Sir Erskine May[iii] states:

“Parliamentary privileges, is the sum of the peculiar rights enjoyed by each house collectively as a constituent part of the High Court of Parliament, and by members of each house individually, without which they could not discharge their functions, and which exceeds those possessed but other bodies or individuals. Thus privilege, though part of law of the land, is to a certain extent an exemption from the general law. Certain rights and immunities such as freedom from arrest or freedom of speech belong primarily to individual members of each house and exists because the house cannot perform its functions without unimpeded use of the service of its members.”


Amrinder Singh vs. Spl. Committee, Punjab Vidhansabha[iv]

In this case court held that the Parliamentary privilege and immunity with respect to exercise of privilege is founded upon necessity. The content and extent of such privilege have evolved with reference to their necessity. They are supposed to be exercised in order to ensure that legislative functions can be exercised effectively, without any undue restrictions. The distinctive mark of a privilege is its ancillary character. Its exercise is open to judicial scrutiny.
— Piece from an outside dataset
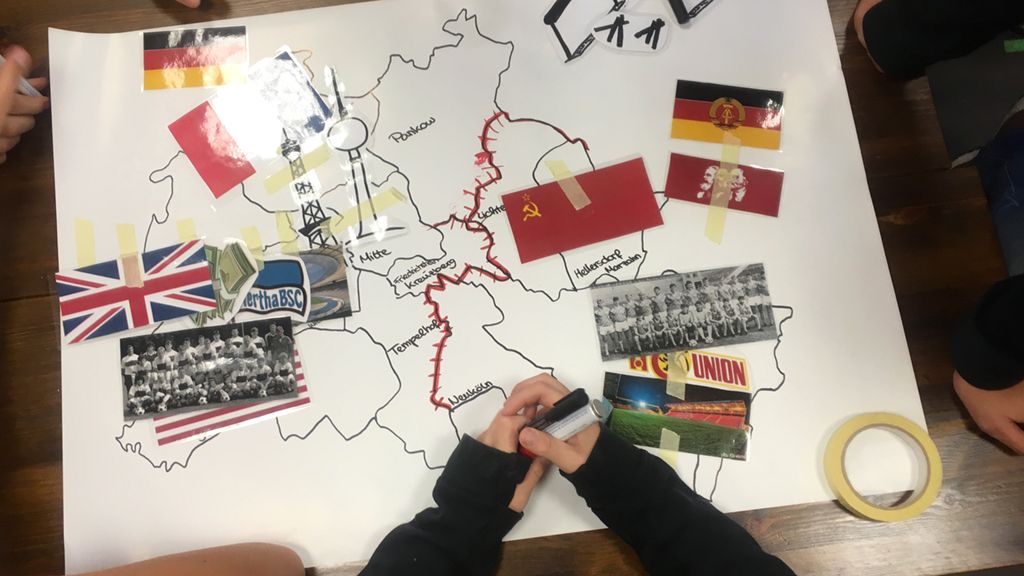 Wer waren die vier Besatzungsmächte und wo genau stand eigentlich die Mauer? Wie war es damals im Osten mit dem Fußball? Eine Schulklasse des Köpenicker Emmy-Nöther-Gymnasiums stellt sich genau diese Fragen im Rahmen ihrer Projekttage beim 1. FC Union Berlin.

The supreme court in M.P.V. Sundaramier and Co. vs. State of Andhra Pradesh[v]cautioned that, “The threads of our constitution were no doubt taken from other federal constitution but when they were woven into the fabric of our constitution their reach and their complexion underwent changes. Therefore, valuable as the American decisions are as showing how the question is dealt with in sister Federal Constitution great care should be taken in applying them in the interpretation of our constitution.”


Thus, it can be concluded that in order to determine privileges, the houses cannot turn a blind eye to existing laws in the country. The privileges are scrutinized to see whether they suit the Indian Democracy and does not offend the Republic Characteristic of the nation.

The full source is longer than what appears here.